I am fairly new to DESeq2, though I have used it before it was for experiments with more replicates. I am hoping to get advice on how to deal with DE contrasts for this experiment in which I have 15 groups, 11 groups have 3 biological replicates/samples, but 4 groups are more rare and we could only obtain 2 samples.
I am doing 2 types of contrasts: (i) one group vs rest, (ii) pair-wise group vs group. After I would like to compare the set differences and set intersections of the DE genes across certain groups.
Because I have some groups with only 2 samples, I would like to get advice on how to deal with difference in treatment with the flagging of genes based on Cook's distance which works when comparing groups with 3 samples, but not work in other contrasts with groups with 2 samples. (DESeq2 user guide states: "The results function automatically flags genes which contain a Cook’s distance above a cutoff for samples which have 3 or more replicates. The p values and adjusted p values for these genes are set to NA. At least 3 replicates are required for flagging, as it is difficult to judge which sample might be an outlier with only 2 replicates. This filtering can be turned off with results(dds,cooksCutoff=FALSE).")
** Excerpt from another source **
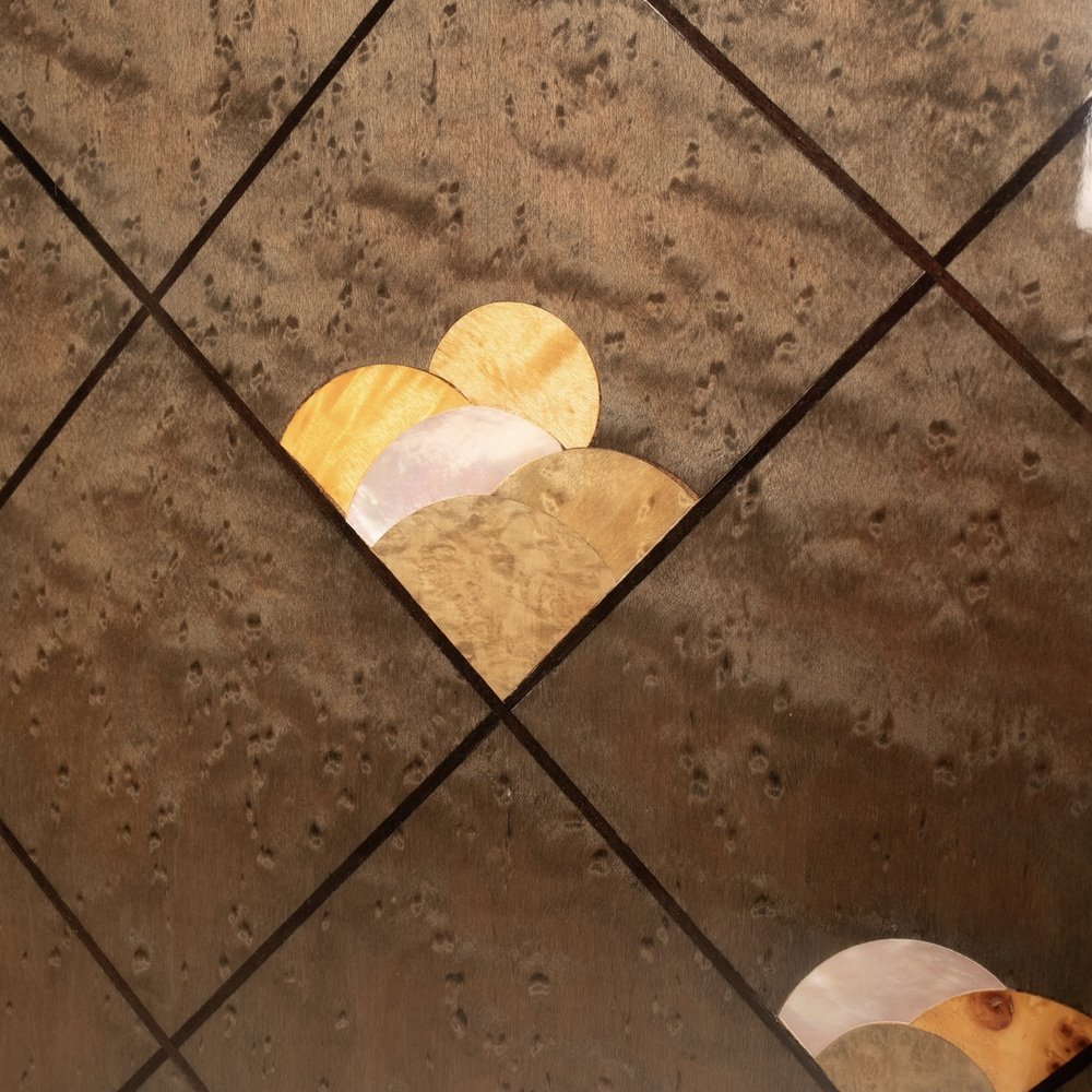 Distinctive Design: Motif of octagonal lines and decorations in wooden inlay, made with craftsmanship. Iridescent and luminous maple root, brown tint

This leads to genes with adj p-val NA and ignored for the group contrasts with 3 samples in which count outlier are detected which is ideal, but for the contrasts of groups with only 2 samples, no flagging occurs. I do see genes detected to be DE that have large variance within the group with only 2 samples so this is an issue (I would like to exclude these genes). Because I'm also interested to compare genes that are commonly DE across certain groups, this seems to also be a problem as DE selection is different.
Should I turn-off this Cook's filtering (results(dds,cooksCutoff=FALSE)) for all contrasts and apply my own filter afterwards to maintain consistency? Could you advice how to apply this and how to find a threshold? I don't have experience on this. I had thought to leave Cook's filtering on for the contrasts with groups with 3 samples and look at those outliers as reference but it's limited to genes with outliers in those groups.
I have searched through several previous questions, but have not been able to come to an answer that fits my situation. Please excuse if there is a suitable response that I missed, if you could kindly direct me to that also.